Menominee - Sociopolitical Organization

Social Organization. Prior to contact with Europeans the Menominee were organized into semisedentary villages of extended family groups. Involvement in the fur trade undermined this system and led to the development of a band System of social organization that persisted until the reservation period. After their arrival on the reservation many Menominee grouped according to their band affiliations, but with a more sedentary way of life, band identities gradually disappeared.

Political Organization. The formal political structure of the aboriginal Menominee consisted of a tribal chief, who was the head of the Bear moiety and whose position was inherited, and several lesser hereditary chiefs, who were heads of the various totemic descent groups.

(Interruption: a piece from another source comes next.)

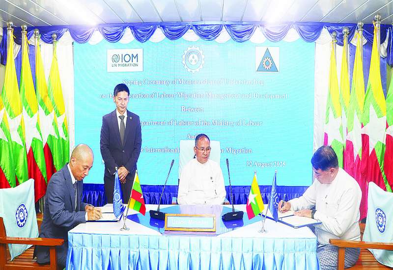 အလုပ်သမားဝန်ကြီးဌာန ပြည်ထောင်စုဝန်ကြီး ဦးအောင်ကျော်ဟိုးသည် အပြည်ပြည်ဆိုင်ရာ ရွှေ့ပြောင်းသွားလာရေးအဖွဲ့ (IOM) မှ အာရှနှင့် ပစိဖိတ်ဒေသဆိုင်ရာ ညွှန်ကြားရေးမှူး Mr. Iori KATO အား ယနေ့နံနက်ပိုင်းတွင် နေပြည်တော်ရှိ အလုပ်သမားဝန်ကြီးဌာန ယာယီရုံးအဆောက်အအုံ ဧည့်ခန်းမ၌ လက်ခံတွေ့ဆုံသည်။
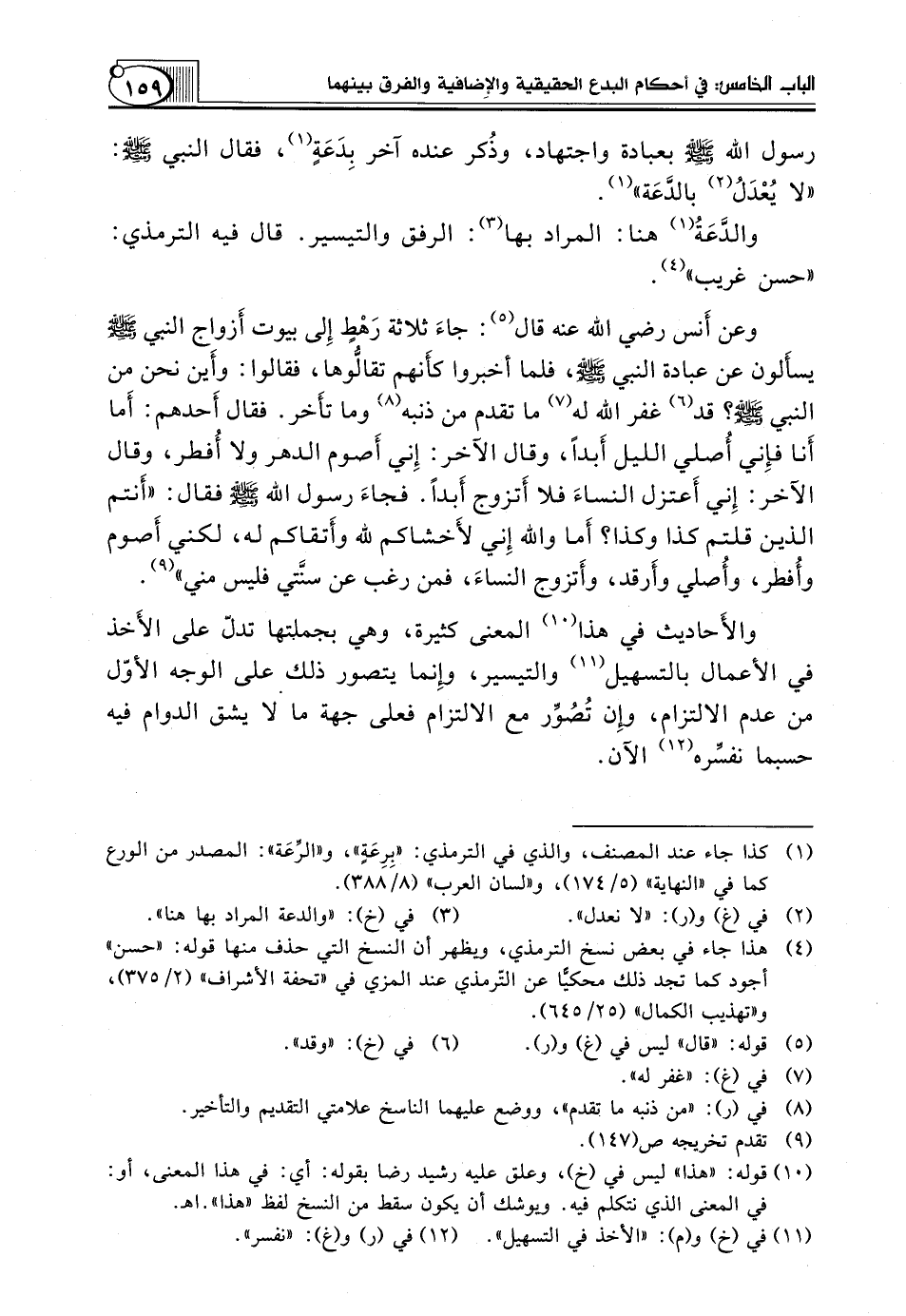 وَعَنْ أَنس رَضِيَ اللَّهُ عَنْهُ قَالَ (¬5): جاءَ ثَلَاثَةُ رَهْطٍ إِلى بُيُوتِ أَزواج النَّبِيِّ صَلَّى اللَّهُ عَلَيْهِ وَسَلَّمَ يسأَلون عَنْ عِبَادَةِ النَّبِيِّ صَلَّى اللَّهُ عَلَيْهِ وَسَلَّمَ، فَلَمَّا أُخْبِرُوا كأَنهم تقالُّوها، فَقَالُوا: وأَين نَحْنُ مِنَ النَّبِيِّ صَلَّى الله عليه وسلّم؟ قد (¬6) غَفَرَ اللَّهُ لَهُ (¬7) مَا تَقَدَّمَ مِنْ ذَنْبِهِ (¬8) وَمَا تأَخر. فَقَالَ أَحدهم: أَما أَنا فإِني أُصلي اللَّيْلَ أَبداً، وَقَالَ الْآخَرُ: إِني أَصوم الدَّهْرَ وَلَا أُفطر، وَقَالَ الْآخَرُ: إِني أَعتزل النساءَ فَلَا أَتزوج أَبداً. فجاءَ رَسُولُ اللَّهِ صَلَّى اللَّهُ عَلَيْهِ وَسَلَّمَ فَقَالَ: "أَنتم الَّذِينَ قُلْتُمْ كَذَا وَكَذَا؟ أَما وَاللَّهِ إِني لأَخشاكم لِلَّهِ وأَتقاكم لَهُ، لَكِنِّي أَصوم وأُفطر، وأُصلي وأَرقد، وأَتزوج النساءَ، فَمَنْ رَغِبَ عَنْ سنَّتي فَلَيْسَ مِنِّي" (¬9).

Descent group chiefs constituted a village council and regulated civil affairs to a limited extent. In addition, there were chiefs who won Prestige through dreams or special prowess and who served as keepers of the war medicines and as public spokesmen for the hereditary leaders. Under the influence of the fur trade, Leadership qualifications were modified to include success in obtaining furs, directing hunting and trading expeditions, obtaining credit, public speaking, and getting along well with Whites and other Indian tribes.

Social Control. A strong belief in witchcraft functioned as a form of social control among the aboriginal and historic Menominee and persists today among traditional Menominee. The witch could be any powerful elder, and his victims, deviant members of the group who failed to observe the group's prescriptions for behavior.

Conflict. The Menominee were unprepared for self-government when their reservation status was terminated in 1961, and significant health, housing, education, and general welfare problems developed as a result. In the 1970s, after tribal status was restored, severe intratribal differences emerged, as the Menominee sought to find solutions to these problems.